In autonomous driving, large-scale mapping modules (Mescheder et al., 2019; Mohajerin and Rohani, 2019; Wang et al., 2025; Wei et al., 2023) are trained on thousands of hours of data, enabling robust spatial mapping with specifically designed architectures, such as occupancy networks (Mescheder et al., 2019) or occupancy grid maps (Mohajerin and Rohani, 2019). However, such approaches are not easily deployable on smaller robotic platforms and often struggle to generalize to environments beyond structured road networks. In contrast, embedded robots often rely on end-to-end learning approaches, either by imitating behaviors from datasets (Cèsar-Tondreau et al., 2021; Karnan et al., 2022; Loquercio et al., 2021; Shah et al., 2023) or by optimizing policies through reinforcement learning (RL) (Surmann et al., 2020; Wijmans et al., 2020; Zhu et al., 2017). These methods typically employ specific network architectures, such as recurrent neural networks (RNNs), to implicitly learn spatial-temporal mappings (Wijmans et al., 2020, 2023). While these approaches have demonstrated success in structured indoor environments with discretized action and observation spaces, their performance often diminishes in more complex, real-world scenarios that involve continuous action spaces and dynamic motions.

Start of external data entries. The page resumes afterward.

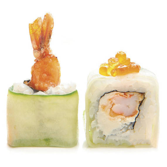 Угорь, икра тобико, дайкон маринованный, лист салата, огурец, майонез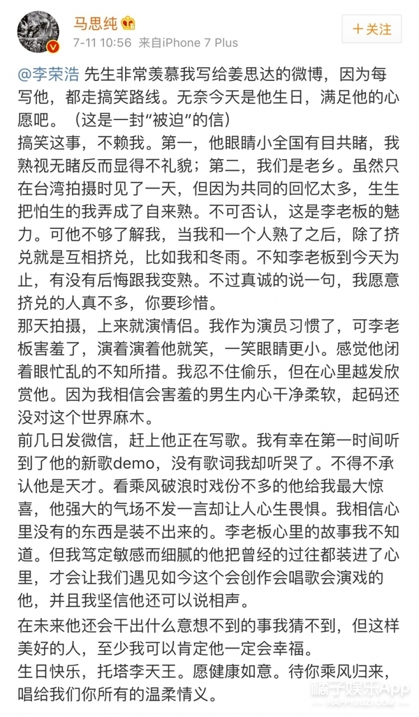 原來(lái)是因?yàn)轳R思純?cè)谖⒉懥艘环忾L(zhǎng)信祝福李榮浩的生日,她還調(diào)侃這是一封“被迫”的信。
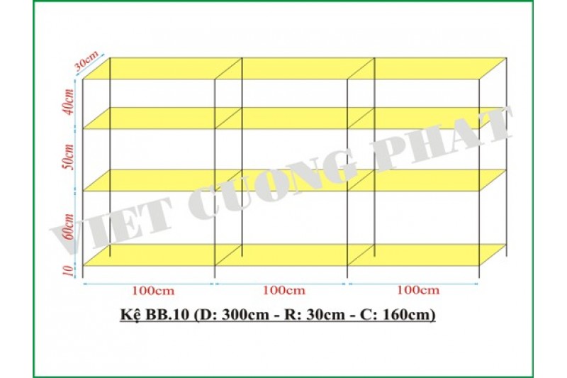 KỆ TRƯNG BÀY SẢN PHẨM : BB-10 (Dài 300cm x Rộng 30m x Cao 160cm)

Recently, for real-world deployments, researchers have started integrating explicit mapping pipelines (Miki et al., 2022b) to fuse ego-centric observations and provide environmental information to learning modules for tasks such as perceptive locomotion (Miki et al., 2022a) and navigation (Francis et al., 2020; Lee et al., 2024; Weerakoon et al., 2022). This raises an important question: can end-to-end learning networks with implicit memory mechanisms, such as RNNs, match or surpass the performance of approaches that rely on explicit mapping pipelines? Specifically, do RNNs have inherent limitations in learning spatial-temporal mappings?
While RNNs excel at capturing temporal dependencies, showcased by their success in various sequential tasks, such as natural language processing (Sutskever et al., 2014) and time-series prediction (Siami-Namini et al., 2019), their ability to learn spatial transformations and memorization remains a topic of research. RNNs are designed to process sequences of data by maintaining an internal state that captures temporal dependencies. However, it is not yet clear to what extent they can effectively learn spatial transformations and integrate observations from different perspectives. Classical approaches achieve spatial registration through homogeneous transformations in three-dimensional space, aligning observations into a consistent local or global frame. For RNNs to achieve effective spatial registration, they must not only memorize sequences but also learn to transform and integrate observations across time and space.
In this work, we examine the spatial-temporal memory capabilities of several recurrent architectures, including long short-term memory (LSTM) (Hochreiter and Schmidhuber, 1997), gated recurrent unit (GRU) (Cho et al., 2014), and recent state-space models (SSMs) such as S4 (Gu et al., 2022) and Mamba-SSM (Gu and Dao, 2023). We evaluate these models on two criteria: (i) their ability to memorize temporal sequences and (ii) their capacity to register and transform sequential observations across varying spatial perspectives. Our findings indicate that, while these models perform well in capturing temporal dependencies, they exhibit limitations in spatial registration, particularly under conditions of dynamic ego-motion and rapidly changing perspectives.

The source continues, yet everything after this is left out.